- Venue: Paris Expo Porte de Versailles
- Date: 10 August 2024
- Competitors: 12 from 12 nations
- Winning total: 470 kg

Medalists
- 1st place, gold medalist(s):  / Lasha Talakhadze / Georgia
- 2nd place, silver medalist(s):  / Varazdat Lalayan / Armenia
- 3rd place, bronze medalist(s):  / Gor Minasyan / Bahrain

= Weightlifting at the 2024 Summer Olympics – Men's +102 kg =

The men's +102 kg weightlifting competition at the 2024 Summer Olympics was held on 10 August at the Paris Expo Porte de Versailles.

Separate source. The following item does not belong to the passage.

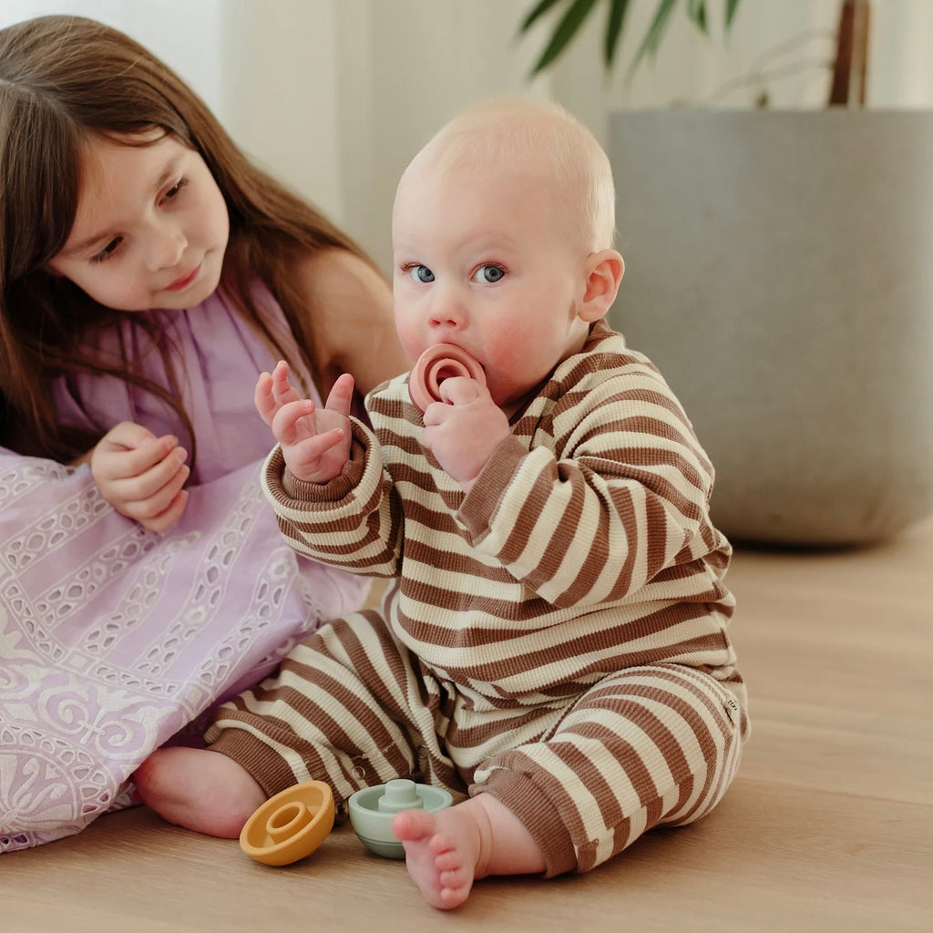 Elevate playtime with our Stackies collection - the ultimate versatile toy! Designed for endless building fun, these stackable wonders double as soothing teethers. Safe for the freezer, easy to clean and sterilise, they provide comfort and developmental play in one.

Going into the competition, two-time Olympic champion Lasha Talakhadze of Georgia was the favourite to win, while 2024 European Champion Varazdat Lalayan of Armenia and 2023 Asian Champion Gor Minasyan of Bahrain were also among the top contenders. In the final, Talakhadze won gold, becoming the fifth weightlifter to win three Olympic gold medals. Lalayan won silver and Minasyan won bronze. Ali Rubaiawi of Iraq placed sixth but set junior world records in the snatch and the total. Placing eighth, David Liti of New Zealand set an Oceanian record in the total.

== Background ==
On 14 June 2022, the International Weightlifting Federation (IWF) officially announced the new weight categories for the 2024 Summer Olympics, with the total medal count reduced from fourteen to ten. The men's +109 kg category of the 2020 Summer Olympics, which was won by Lasha Talakhadze of Georgia, was adjusted as the men's +102 kg category due to the men's 109 kg category being replaced by the men's 102 kg category for these Games.

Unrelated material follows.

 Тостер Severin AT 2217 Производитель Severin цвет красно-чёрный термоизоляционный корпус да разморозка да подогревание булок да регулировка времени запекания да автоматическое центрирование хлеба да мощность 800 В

In the same year, Talakhadze had to lose weight on his doctor's advice due to the detection of a minor heart irregularity, while he also suffered from a leg injury he sustained in training. At the 2022 World Weightlifting Championships, the first eligible event during the qualification timeline, he placed first with a total of 466 kilograms despite his injury. 2016 Summer Olympic silver medalist Gor Minasyan, who changed his sporting nationality from Armenian to Bahraini that year, placed second, while Varazdat Lalayan of Armenia placed third. Talakhadze then competed at the 2023 European Weightlifting Championships, placing first in the event with a total of 474 kilograms for his seventh straight European Championship win.

Minasyan then competed at the 2023 Asian Weightlifting Championships and placed first in the snatch, clean and jerk, and total, the first time he had done so in international competition. He set new Asian records in the snatch with 217 kilograms, the second-heaviest snatch of all time, and a total of 464 kilograms. Alireza Yousefi of Iran also set a new junior world record in the clean and jerk with 246 kilograms. At the 2023 World Weightlifting Championships, Talakhadze placed first in the event with a total of 474 kilograms, 13 kilograms more than second placer Lalayan, while Minasyan placed third. This was Talakhadze's seventh straight world championship title. In the B Group (a session for lower entry weights, held before the A Group), Ali Rubaiawi of Iraq set a junior world record in the snatch with 198 kilograms, becoming the first Iraqi weightlifter to set a junior world record. Two months after the World Championships, Lalayan won his first world level gold medal at the 2023 IWF Grand Prix II with a total of 441 kilograms.

At the 2024 Asian Weightlifting Championships, 2020 Summer Olympic bronze medalist Man Asaad of Syria placed first over Minasyan by 1 kilogram, with a total of 444 kilograms. Asaad was initially 15 kilograms behind in the snatch with 192 kilograms, but lifted 252 kilograms in the clean and jerk to set a new Asian record, and won his first Asian Championship gold medal. Minasyan had only one successful attempt in the clean and jerk with 236 kilograms before failing his two subsequent attempts. The next competition was the 2024 European Weightlifting Championships, where Giorgi Asanidze, Georgia's head coach, decided to withdraw Talakhadze due to a minor trauma dealt on one of his knees. Without Talakhadze, Lalayan placed first in the category with a total of 455 kilograms for his first European Championship win. The 2024 IWF World Cup was the last competition during the qualification period. Among the athletes who decided to be entered in the start list—in order to be eligible to qualify for the 2024 Summer Olympics—but did not lift in the competition were Talakhadze, Minasyan, and Asaad. There, Lalayan placed first with a total of 463 kilograms. 2020 Summer Olympic silver medalist Ali Davoudi of Iran was second, and Ayat Sharifi of Iran placed third.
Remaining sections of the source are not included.